Records from a collection
=== Begin Enclosure ===
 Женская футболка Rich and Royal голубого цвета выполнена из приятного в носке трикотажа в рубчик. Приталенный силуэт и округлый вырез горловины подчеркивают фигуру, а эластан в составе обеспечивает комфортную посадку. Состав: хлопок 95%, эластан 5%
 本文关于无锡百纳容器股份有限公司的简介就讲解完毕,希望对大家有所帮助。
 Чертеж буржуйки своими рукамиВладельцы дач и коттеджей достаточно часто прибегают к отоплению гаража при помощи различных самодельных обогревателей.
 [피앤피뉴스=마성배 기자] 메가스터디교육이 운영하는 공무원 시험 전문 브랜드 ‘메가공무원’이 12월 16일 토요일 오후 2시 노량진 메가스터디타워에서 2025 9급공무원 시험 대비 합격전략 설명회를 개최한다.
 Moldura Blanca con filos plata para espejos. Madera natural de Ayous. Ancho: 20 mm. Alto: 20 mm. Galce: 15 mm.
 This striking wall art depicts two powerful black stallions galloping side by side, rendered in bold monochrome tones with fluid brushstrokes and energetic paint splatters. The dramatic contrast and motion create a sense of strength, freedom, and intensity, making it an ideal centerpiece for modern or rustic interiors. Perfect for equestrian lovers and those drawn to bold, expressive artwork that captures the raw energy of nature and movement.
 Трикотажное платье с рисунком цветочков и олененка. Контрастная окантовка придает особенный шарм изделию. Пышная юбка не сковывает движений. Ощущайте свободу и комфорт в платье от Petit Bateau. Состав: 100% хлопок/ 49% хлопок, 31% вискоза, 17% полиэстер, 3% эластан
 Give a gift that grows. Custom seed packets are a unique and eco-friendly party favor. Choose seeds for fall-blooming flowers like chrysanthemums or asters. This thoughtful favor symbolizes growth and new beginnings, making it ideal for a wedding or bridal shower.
=== End Enclosure ===
=== Begin Enclosure ===
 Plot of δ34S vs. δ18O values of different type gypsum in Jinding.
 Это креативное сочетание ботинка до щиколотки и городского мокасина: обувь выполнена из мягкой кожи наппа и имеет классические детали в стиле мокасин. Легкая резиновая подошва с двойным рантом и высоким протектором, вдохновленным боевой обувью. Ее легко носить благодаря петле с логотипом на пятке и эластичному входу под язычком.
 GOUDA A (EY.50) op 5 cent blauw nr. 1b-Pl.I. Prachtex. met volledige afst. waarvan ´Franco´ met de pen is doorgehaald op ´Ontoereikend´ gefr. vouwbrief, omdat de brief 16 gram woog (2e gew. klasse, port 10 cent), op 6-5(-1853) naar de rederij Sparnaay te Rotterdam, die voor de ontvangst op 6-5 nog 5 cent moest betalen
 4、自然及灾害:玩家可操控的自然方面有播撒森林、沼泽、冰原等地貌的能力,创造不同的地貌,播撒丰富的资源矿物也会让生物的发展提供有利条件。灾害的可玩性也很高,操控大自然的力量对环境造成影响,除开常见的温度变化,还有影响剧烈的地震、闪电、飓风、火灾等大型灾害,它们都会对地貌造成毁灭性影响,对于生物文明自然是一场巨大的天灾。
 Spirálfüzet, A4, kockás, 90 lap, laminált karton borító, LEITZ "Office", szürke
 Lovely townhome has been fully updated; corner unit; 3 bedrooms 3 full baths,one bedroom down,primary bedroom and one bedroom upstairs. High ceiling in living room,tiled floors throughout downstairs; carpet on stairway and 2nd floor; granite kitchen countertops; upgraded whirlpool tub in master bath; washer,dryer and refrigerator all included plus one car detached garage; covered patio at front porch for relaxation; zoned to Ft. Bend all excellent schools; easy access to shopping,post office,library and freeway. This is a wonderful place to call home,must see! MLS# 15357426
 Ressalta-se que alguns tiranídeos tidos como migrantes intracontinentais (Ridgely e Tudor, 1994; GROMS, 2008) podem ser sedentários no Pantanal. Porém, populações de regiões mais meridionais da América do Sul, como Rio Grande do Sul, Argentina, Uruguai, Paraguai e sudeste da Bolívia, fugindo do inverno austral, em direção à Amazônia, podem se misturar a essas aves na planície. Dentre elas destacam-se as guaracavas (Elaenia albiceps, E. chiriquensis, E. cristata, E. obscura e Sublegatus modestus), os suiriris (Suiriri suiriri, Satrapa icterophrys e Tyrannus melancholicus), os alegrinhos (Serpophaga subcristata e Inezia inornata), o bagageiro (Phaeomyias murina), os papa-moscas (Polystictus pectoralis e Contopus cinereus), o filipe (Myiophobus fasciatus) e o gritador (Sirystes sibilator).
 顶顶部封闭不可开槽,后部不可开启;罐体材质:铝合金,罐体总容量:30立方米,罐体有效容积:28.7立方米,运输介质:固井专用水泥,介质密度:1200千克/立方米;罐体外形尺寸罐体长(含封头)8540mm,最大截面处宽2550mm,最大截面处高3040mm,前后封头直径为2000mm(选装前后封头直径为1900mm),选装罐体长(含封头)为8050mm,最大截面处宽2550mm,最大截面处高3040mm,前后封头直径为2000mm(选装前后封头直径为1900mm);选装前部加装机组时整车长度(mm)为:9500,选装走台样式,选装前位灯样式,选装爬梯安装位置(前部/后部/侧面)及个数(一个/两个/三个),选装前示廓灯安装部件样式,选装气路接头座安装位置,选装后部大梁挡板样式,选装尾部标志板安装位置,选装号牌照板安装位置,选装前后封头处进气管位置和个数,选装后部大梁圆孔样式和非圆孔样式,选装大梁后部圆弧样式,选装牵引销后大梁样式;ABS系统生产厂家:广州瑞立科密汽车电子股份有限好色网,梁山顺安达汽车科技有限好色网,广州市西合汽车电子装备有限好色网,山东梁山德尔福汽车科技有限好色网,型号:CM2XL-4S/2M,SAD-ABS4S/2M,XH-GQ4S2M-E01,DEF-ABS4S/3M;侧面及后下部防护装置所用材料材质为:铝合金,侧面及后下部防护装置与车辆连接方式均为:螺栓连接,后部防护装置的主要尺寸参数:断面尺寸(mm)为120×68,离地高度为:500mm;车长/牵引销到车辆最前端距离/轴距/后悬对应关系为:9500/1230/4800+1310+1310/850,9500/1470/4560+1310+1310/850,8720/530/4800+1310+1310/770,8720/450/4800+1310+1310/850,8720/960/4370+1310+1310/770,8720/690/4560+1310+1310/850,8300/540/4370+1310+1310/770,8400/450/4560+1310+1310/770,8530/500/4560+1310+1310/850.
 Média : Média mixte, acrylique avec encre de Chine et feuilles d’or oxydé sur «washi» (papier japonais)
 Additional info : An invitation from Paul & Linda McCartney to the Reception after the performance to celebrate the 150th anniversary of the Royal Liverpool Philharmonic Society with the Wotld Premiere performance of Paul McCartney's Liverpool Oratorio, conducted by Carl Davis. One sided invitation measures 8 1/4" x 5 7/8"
=== End Enclosure ===
- _EXERCISE OBJECTIVE_: Among the entries above, copy exactly only the lines starting with the one containing "Чертеж буржуйки своими" and going through the one containing "Moldura Blanca con", both ends included.

- _ANSWER BELOW_:
 Чертеж буржуйки своими рукамиВладельцы дач и коттеджей достаточно часто прибегают к отоплению гаража при помощи различных самодельных обогревателей.
 [피앤피뉴스=마성배 기자] 메가스터디교육이 운영하는 공무원 시험 전문 브랜드 ‘메가공무원’이 12월 16일 토요일 오후 2시 노량진 메가스터디타워에서 2025 9급공무원 시험 대비 합격전략 설명회를 개최한다.
 Moldura Blanca con filos plata para espejos. Madera natural de Ayous. Ancho: 20 mm. Alto: 20 mm. Galce: 15 mm.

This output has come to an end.